Liberal Party’s latest super plan an attack on Aussie workers

Superannuation should be something all Australians can benefit from, writes the ACTU Assistant Secretary.

Superannuation should be something all Australians can benefit from, writes the ACTU Assistant Secretary. Photo: Getty

Superannuation is one of the great democratising vehicles that Australia has created, and an important driver of equality.

Thanks to the efforts of union members a generation ago, working people like teachers and truckies are now able to not only retire with dignity, but also invest and own an enormous share of our national wealth and production through their super funds.

It is a sign of how backwards the Liberal Party is that it would see the broad ownership of Australian companies by the Australian people as a threat.

Recently, the one-note, anti-super Senator Andrew Bragg called for workers to be barred from owning more than 10 per cent of listed Australian companies through their super funds.

This proposal would absolutely smash the returns working people would get on their superannuation.

On day one of the Senator’s fever dream, Australian superannuation funds would need to jettison stocks to be gobbled up by those he thinks would be better owners – foreign-owned multinational investors like Brookfield, Vanguard and BlackRock.

Before working people started banding together and investing collectively through their super funds, the ASX was more foreign owned and more concentrated in the hands of the wealthiest.

Long-term investment for all workers

It is only now, through working people and their super, that nearly all Australian workers have a broad long-term investment in the stockmarket.

A policy to prevent Australians from owning Australian companies would result in more foreign ownership and increased ownership by the very richest in Australia.

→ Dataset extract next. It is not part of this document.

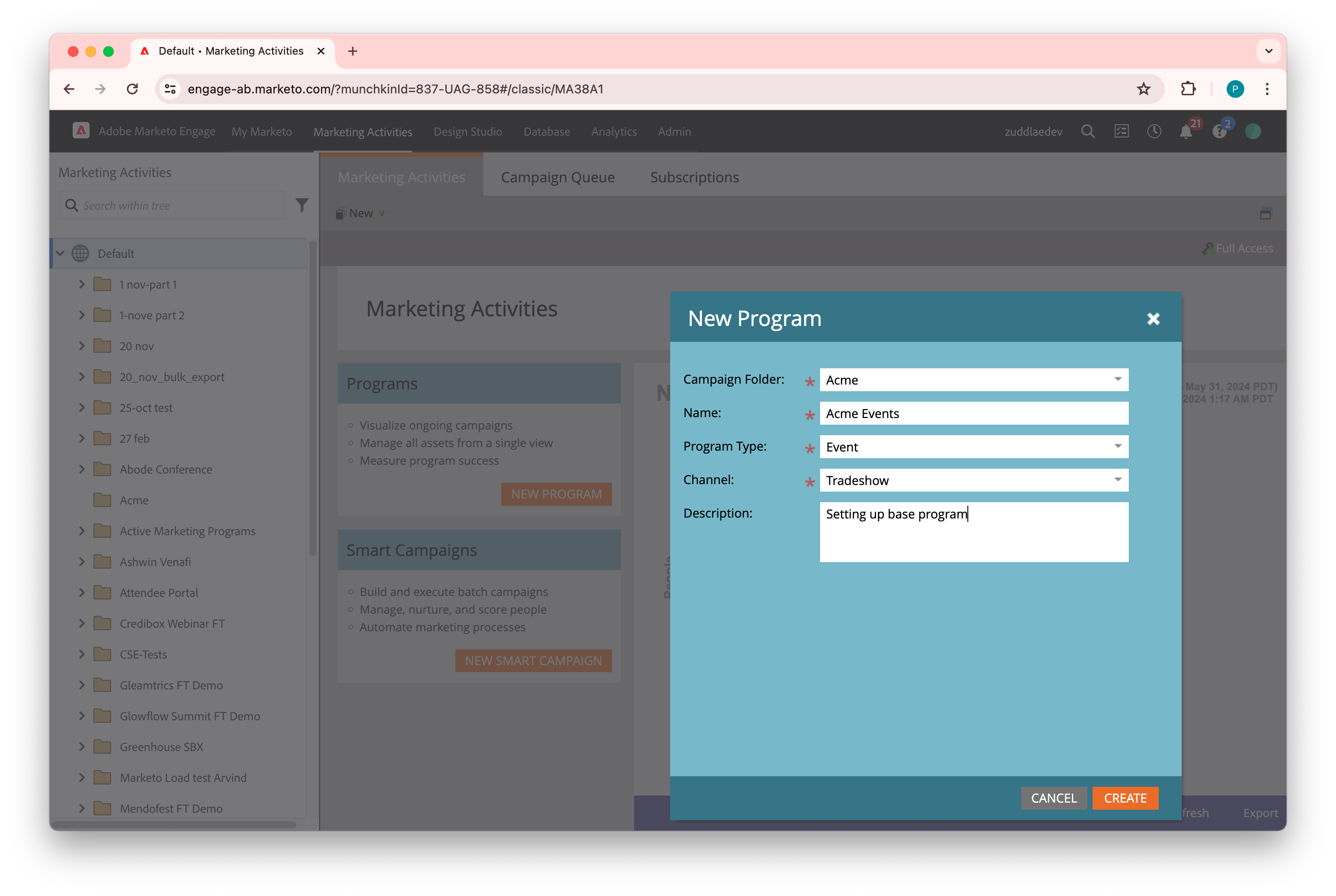 You must create a new program in Marketo that will act as template for your future events. To create a base program,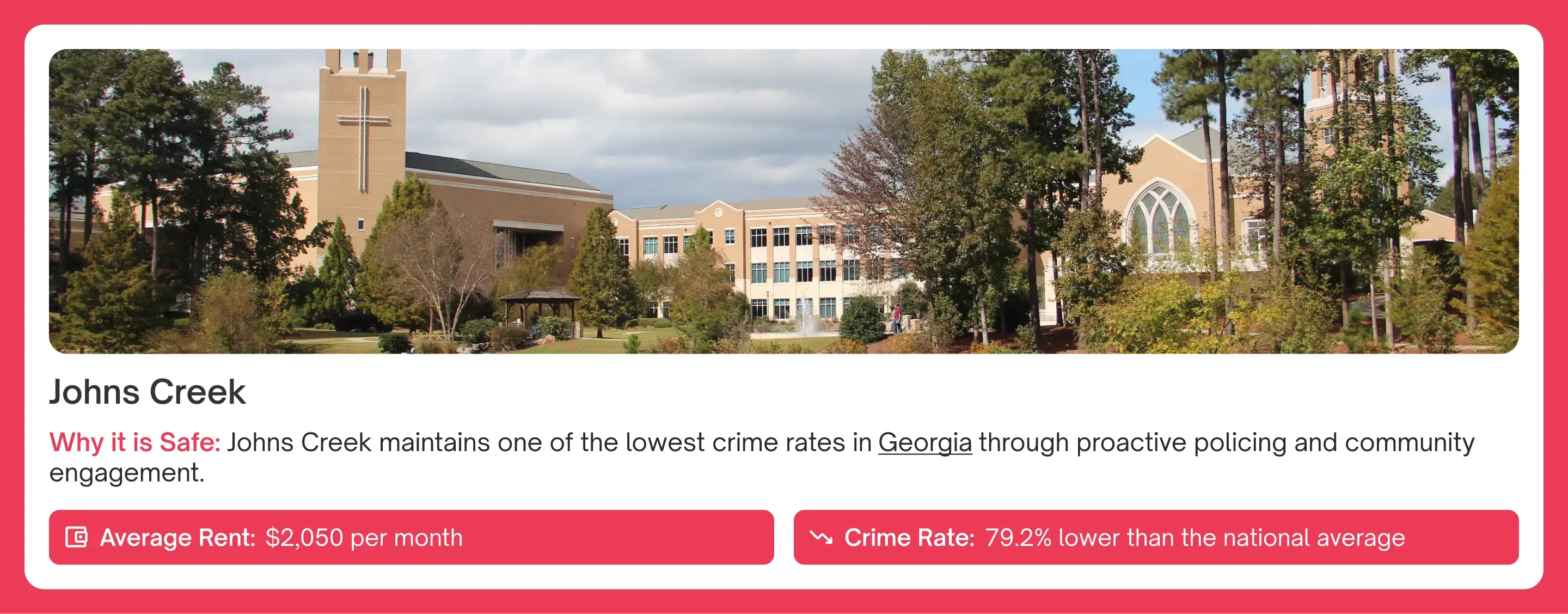 Located northeast of Atlanta, Johns Creek is famous for its highly rated schools and upscale neighborhoods. The police department of the city focuses on community policing, building close ties with citizens to prevent crime effectively. With plenty of green areas such as the Chattahoochee River and Autrey Mill Nature Preserve, Johns Creek provides a peaceful atmosphere suitable for family life.

Working people would lose out on investing in their country, in their companies and in their future, and more money would be sent offshore to make up the lost returns they would otherwise get at home.

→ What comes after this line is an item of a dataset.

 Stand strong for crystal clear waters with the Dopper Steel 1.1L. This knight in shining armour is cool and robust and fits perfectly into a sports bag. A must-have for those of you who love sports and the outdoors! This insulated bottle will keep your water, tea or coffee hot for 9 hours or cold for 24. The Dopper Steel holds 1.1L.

The thought bubble would also treat working Australians as second-class citizens.

Why should UBS or HSBC be able to take more than 10 per cent of a company for their foreign clients and Australians be denied that same opportunity through their super fund?

2024 is a critical year for the Australian people to assert what their goals for superannuation should be, crystallised in the debate about its legislated objective.

It has been a generation since the first workers, as union members, went on strike to win employer-paid superannuation.

In doing so, they asserted that every worker deserved to retire with dignity and that superannuation as a vehicle should not be reserved for only exclusive management, men or the very rich.

Universal values

Super must be available to every worker and their savings should be invested responsibly for the long term and preserved for retirement.

It is part of the great Australian spirit that the campaign to win superannuation was started workplace by workplace, with the ultimate goal that every worker should be afforded that right.

Universality, equity, adequacy and preservation are the pillars of the system, which make it one of the best retirement income systems in the world.

This attack on how superannuation is invested is the latest in a series of hare-brained schemes by Bragg and the Liberal Party to undermine the pillars of the system the Liberal Party has always opposed and is actively seeking to unpick.

In the previous government, the Liberals froze workers’ legislated super increases for five years, permanently cutting the retirement incomes of millions of Australians.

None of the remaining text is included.